In Trinity Rep’s ‘The Prince of Providence,’ a portrait of Buddy Cianci in light and darkness

From left: Scott Aiello, Stephen Berenson, and Erick Betancourt in “The Prince of Providence.”Mark Turek

PROVIDENCE — One day 20 years ago, I called up Buddy Cianci at his City Hall office and asked him to play TV critic. He was happy to oblige.

I was curious about his opinion of “Providence,’’ a sentimental NBC family drama that was set in the city where Cianci reigned supreme as mayor, at least until the feds caught up with him and he was convicted of racketeering conspiracy for running a criminal enterprise out of City Hall.

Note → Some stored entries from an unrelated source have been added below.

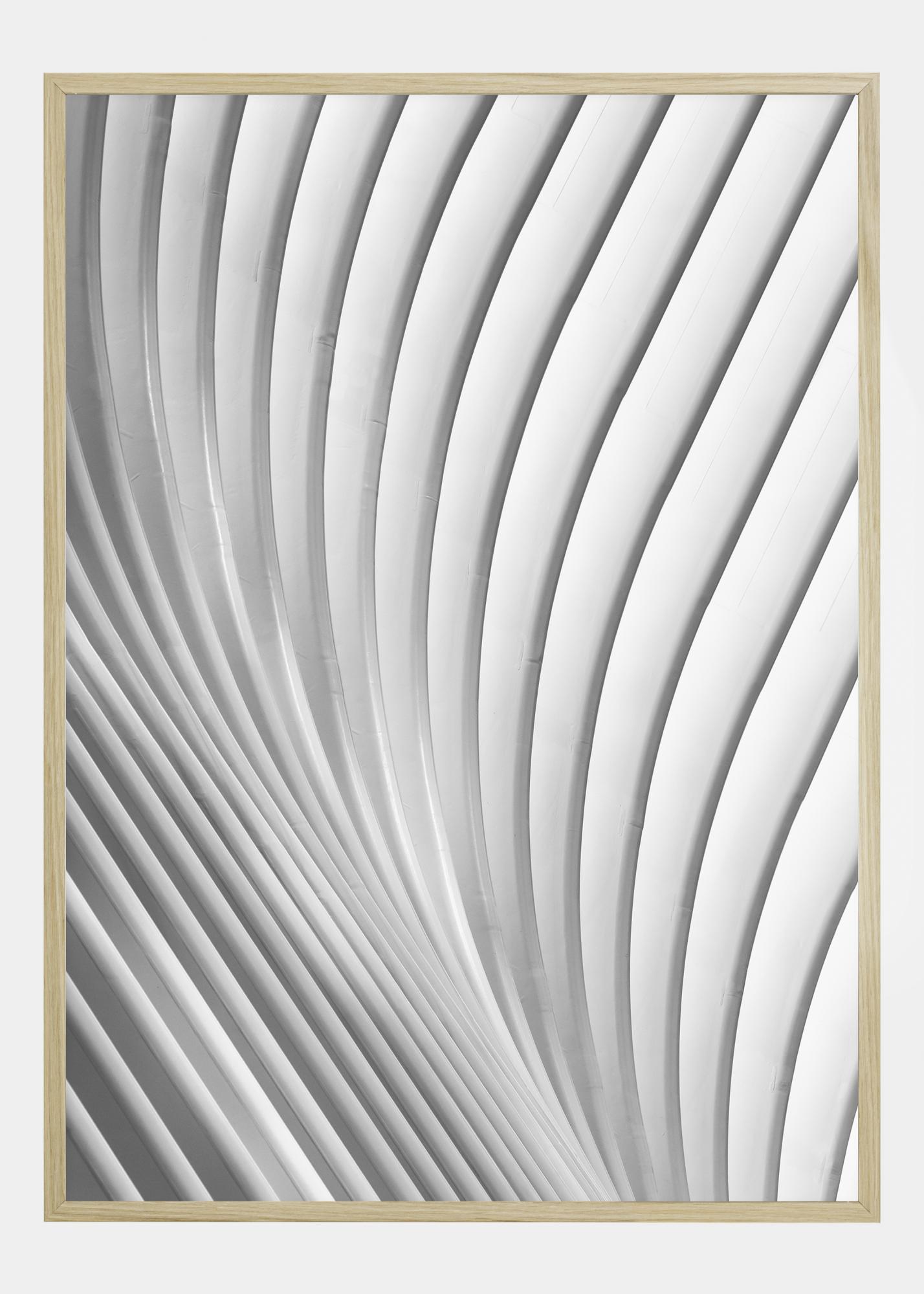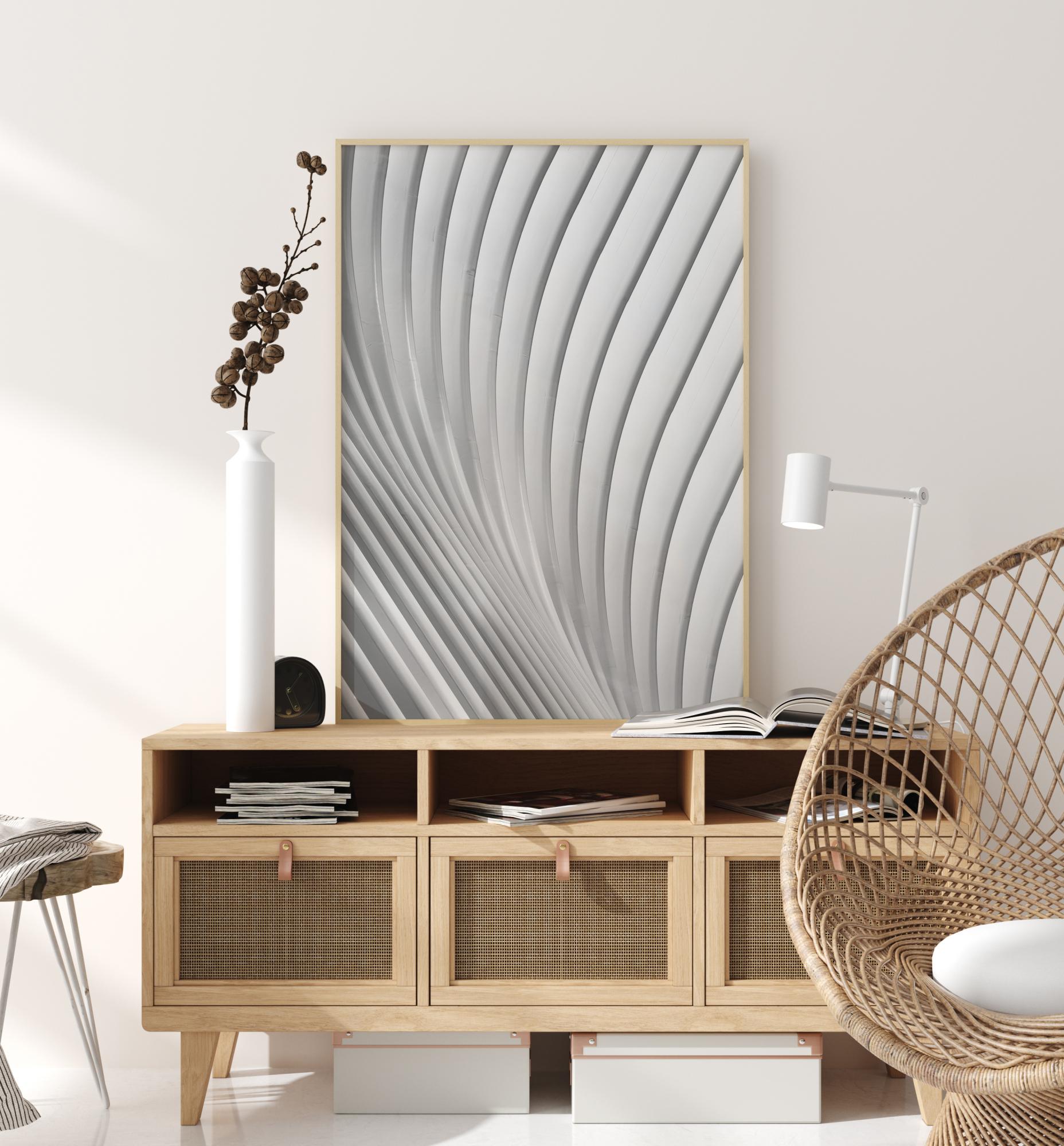 Um póster abstrato com linhas brancas e cinzentos ondulantes sobre a imagem. As linhas começam no canto inferior direito e se curvam suavemente para cima antes de virar para a direita. Embora simples, esta imagem atrai a atenção quando permite que o seus olhos relaxem e sigam as linhas.
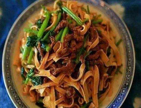 4、先將炒好的豬肉裡脊加入芹菜、豆腐絲,再加餘料、料酒的汁,再用大火快炒幾下,就能出鍋瞭。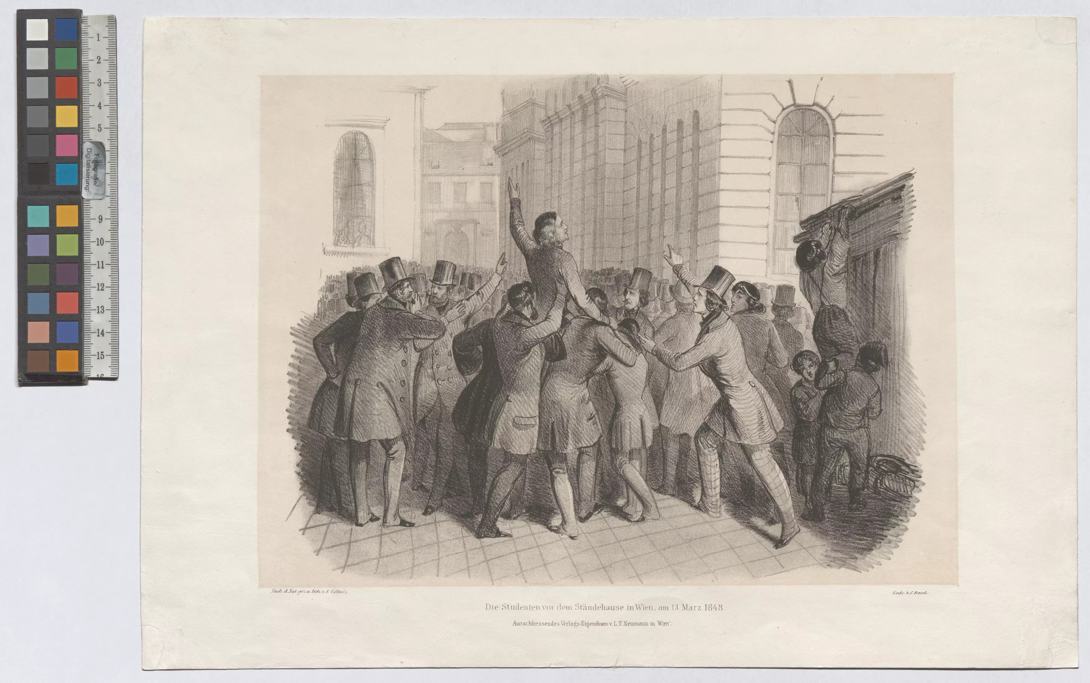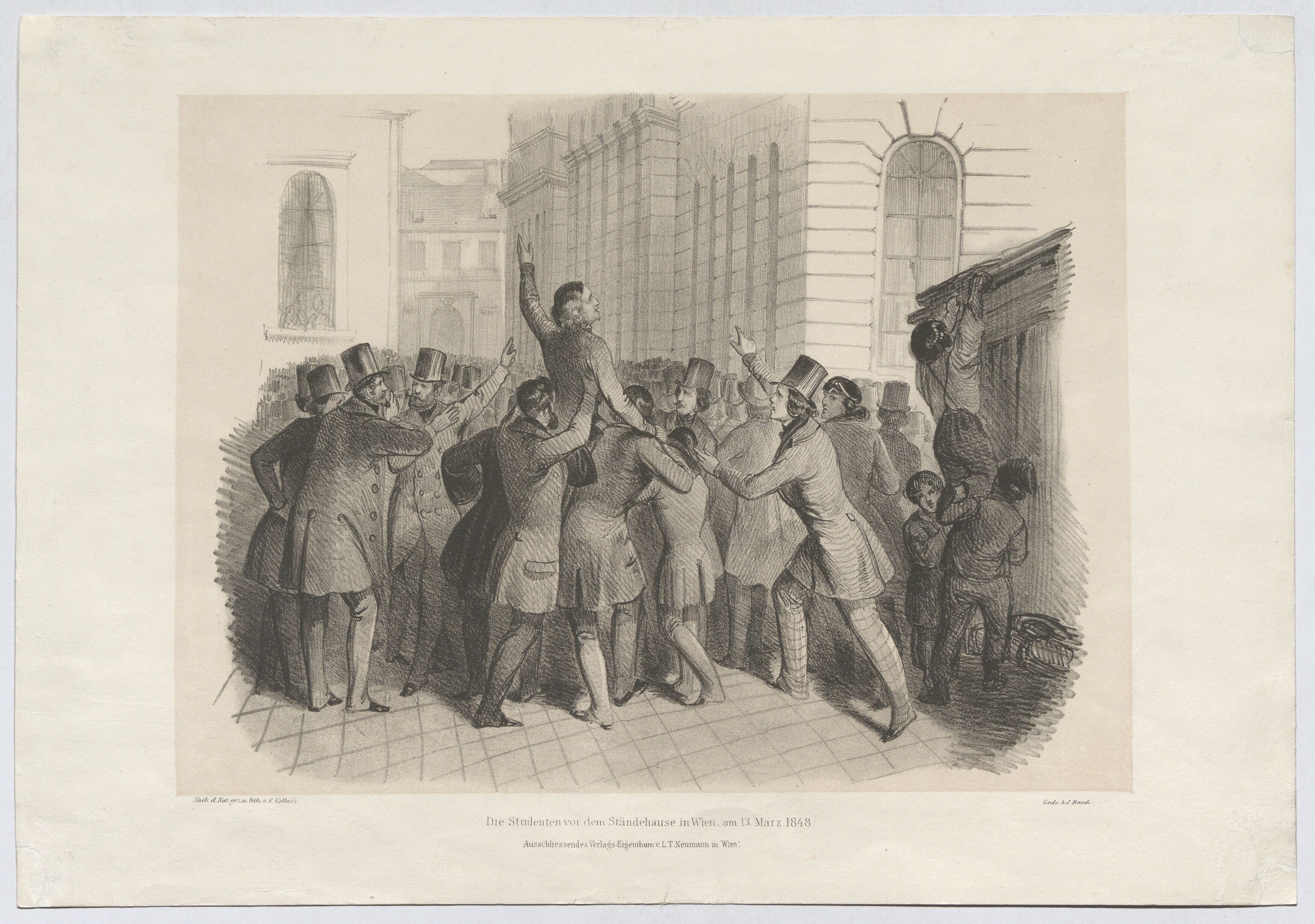 "Die Studenten vor dem Ständehause in Wien, am 13. März 1848."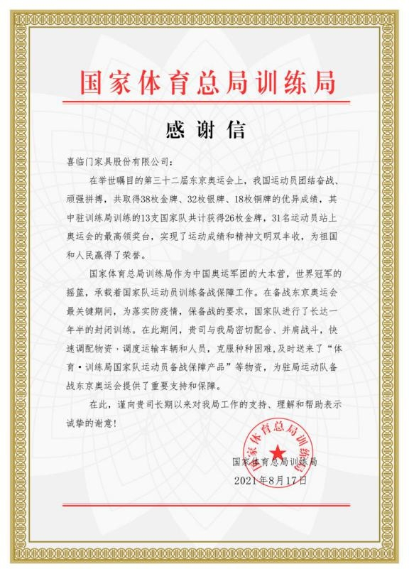 在营收增长的背后,是喜临门坚持科研的路线被高度认可的体现。2021年东京奥运会期间,喜临门床垫作为体育·训练局国家队运动员备战保障产品,为征战赛场的中国运动员提供运动睡眠支持和保障。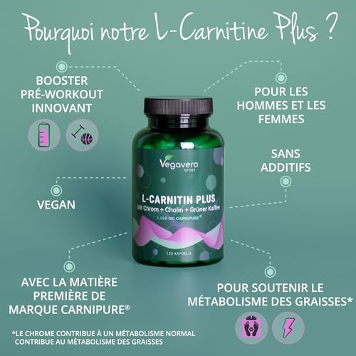 L-Carnitine PRO | Carnipure®, Café vert, Vitamines B, Chrome, Choline | PRE WORKOUT – Energie + Récupération | L Carnitine Tartrate EXTRA FORT | VEGAN | 120 Gélules | Vegavero®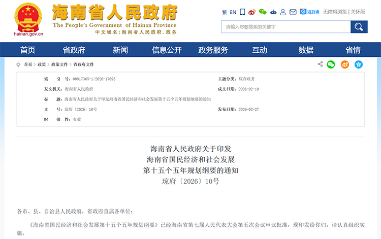 近日,海南省人民政府印發(fā)《海南省國(guó)民經(jīng)濟(jì)和社會(huì)發(fā)展第十五個(gè)五年規(guī)劃綱要》。其中,在“第四十九章 辦好人民滿(mǎn)意的教育”中明確提到:推進(jìn)高校教育布局結(jié)構(gòu)調(diào)整優(yōu)化,推動(dòng)省內(nèi)高校分類(lèi)發(fā)展,力爭(zhēng)新設(shè)新型研究型大學(xué)。

On that day in 1999, though, that was still a couple of years in the future. Hizzoner cheerfully gave “Providence’’ a rave, but he also had a self-promotional anecdote at the ready. Cianci told me about a conversation he’d recently had with the mayor of Baltimore, who supposedly expressed deep envy at the flattering TV image of Cianci’s city that was being broadcast to millions of “Providence’’ viewers each week, in contrast to the bleak view of Baltimore in NBC’s “Homicide.’’

In other words, the anecdote was not just about Providence but also about Vincent A. (Buddy) Cianci Jr. By then, for good or ill — and there was plenty of both during his two tumultuous tenures in office — Providence’s identity was virtually indistinguishable from his own, in Cianci’s mind and in the minds of plenty of Rhode Islanders.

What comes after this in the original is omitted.